Wednesday, June 09, 1999

Nothing to Fear from Genetically-Modified Tomato Paste but Fear Itself

Among its budget measures, the Federal Government announced that it will establish the grandiloquent Office of Gene Technology Regulator.  Amid all the excitement over the GST, the initiative caused little comment, nevertheless, it is not at all a bad idea to establish an open process that has a chance of being trusted.  Significant numbers of Europeans whose parents had the courage to shrug off each other's bombs have become terrified of tomato paste.  It is paste that North Americans are happily eating.  Fear of all genetically modified food is so great that Sainsbury's, Tesco and Marks and Spencer have all undertaken not to stock it.

The campaign against genetic modification, and especially GM food, is conducted by the same activists who campaign against many things and, in the case of Europe, is encouraged by anti-American protectionism.  It has the hallmark of a beat up.  Nevertheless, if the same, I believe irrational, terror were to infect Australians, then our Government would come under pressure to regulate the use of bio-technology in ways that would cause our industries to lose to overseas competitors and our scientists to take their skills elsewhere.  Therefore, before assuming the worst Australians should learn what genetic modification is and put its dangers in context.

Following the discovery by James Watson and Francis Crick of the molecular structure of DNA in about 1960, biotechnologists learned how to introduce genes to plants and animals with much greater precision and from species other than that of the host.  This technology became referred to as "Genetic Engineering" and the term "genetically modified" came to refer to living or dead matter that carries genes introduced by "gene splicing".

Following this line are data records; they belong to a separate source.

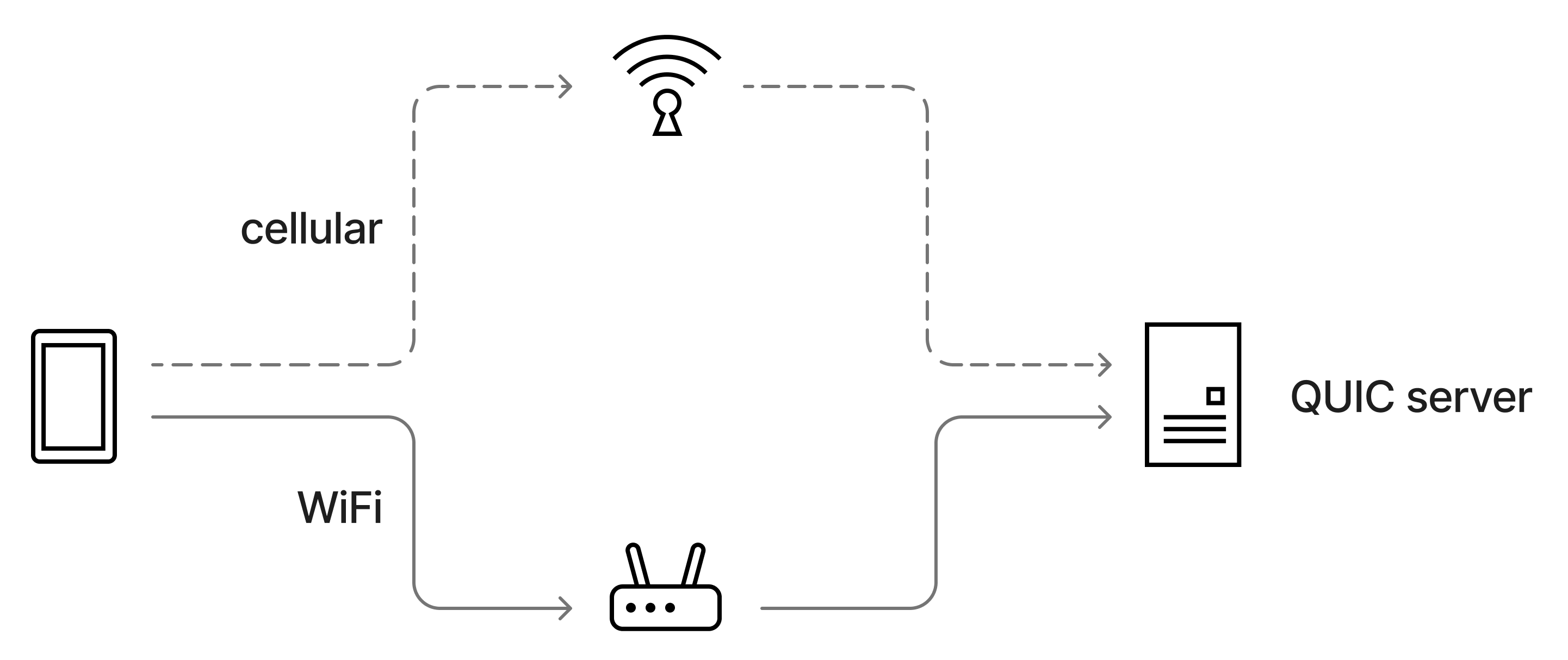 In contrast to TCP, where a connection is identified by the 4-tuple (i.e. the IP:port of both client and server), a QUIC connection can switch to a new 4-tuple over its lifetime. For example, this allows a connection to start on WiFi, and then be migrated to a cellular connection when the user moves away from the WiFi access point. Note that while QUIC supports migrating a connection from one path to the other, at any point in time only a single path is in use to send application data.
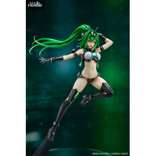 Made from PVC, the figure stands approximately 38 cm tall at 1/7 scale. The finishes combine metallic shine with textured matte. Electronic detailing is crisp, articulation clean, and the dynamic hair flow boosts the sense of speed. A standout piece for fans of Neptunia and high-impact mecha designs.
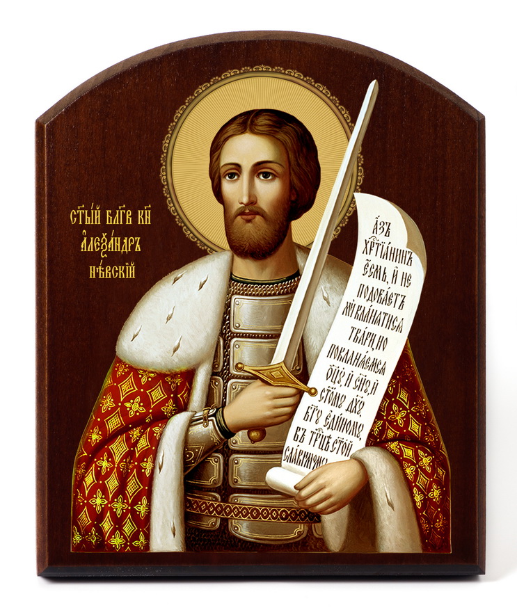 Икона на доске 10х12 объёмная печать, арочная, лак Александр Невский 2

Nothing in life is perfectly safe.  We can, however, say with reasonable confidence that GM food is safer than food that has been modified by only the old method of cross breeding sometimes supplemented by the irradiation of seed to induce mutation.  Food that has been genetically modified by only nature is virtually unobtainable but, if it were, it would be no safer than the food we do eat.  Because plants must protect themselves against their predators, much of what we eat is poisonous.  If ingested in sufficient quantity, they would kill us.  We have no cause to worry only because long before we eat too much we lose our appetite for the particular substances.

Because the risks in both cases are so small, comparing the safety of GM foods with non-GM foods is almost meaningless.  Half of "almost nothing" remains "almost nothing".  Eating either is many times safer than riding in a motor car.  Nevertheless, since some folk are worried, it is worth observing that GM food is a little safer than other food for two reasons.  First, the likelihood of producing a food with an unwanted, say, carcinogen is less when precise methods are employed.  Second, GM products are always rigorously tested for human detriment.  That is not always the case with other foods.

It is worthwhile to put fear itself in context.  Ever since the Japanese army ceased to be a real threat, I have been threatened with so many disasters that I have become somewhat inured to them.  I don't think it is that I have become a selfish old man who no longer cares.  Rather, I have been made sceptical by the catastrophes that didn't turn up.  Recall that the Monte Belos nuclear tests would change our climate.  Remember also the coming Ice Age, nuclear winter, World War Three caused by Muslim fundamentalism, the "silent spring", the impossibility of containing nuclear waste, China syndrome reactor melt-downs, rising sea levels, ozone depletion, poisoning of the oceans, the energy crisis, and most laughably the Club of Rome predictions.  And these are only some of the "global" worries that threatened not only me, but all of mankind.

Cry "Wolf" too often and people cease to heed warnings.  Take a current one.  It may be that man really is significantly diminishing future generations' options by reducing bio-diversity, but how amid the hot air are we to distinguish an emergency from a beat up?

Recent report has it that Biotechnology is riding with the horsemen of the Apocalypse -- Death, War, Pestilence and Famine.  The apocalyptic horsemen ride fast.  I predict that in time Biotechnology will fall behind, no longer feared and forgotten, just as every aspirant to join the dreaded Four, save Bad Government itself, has dropped from the demon's ride.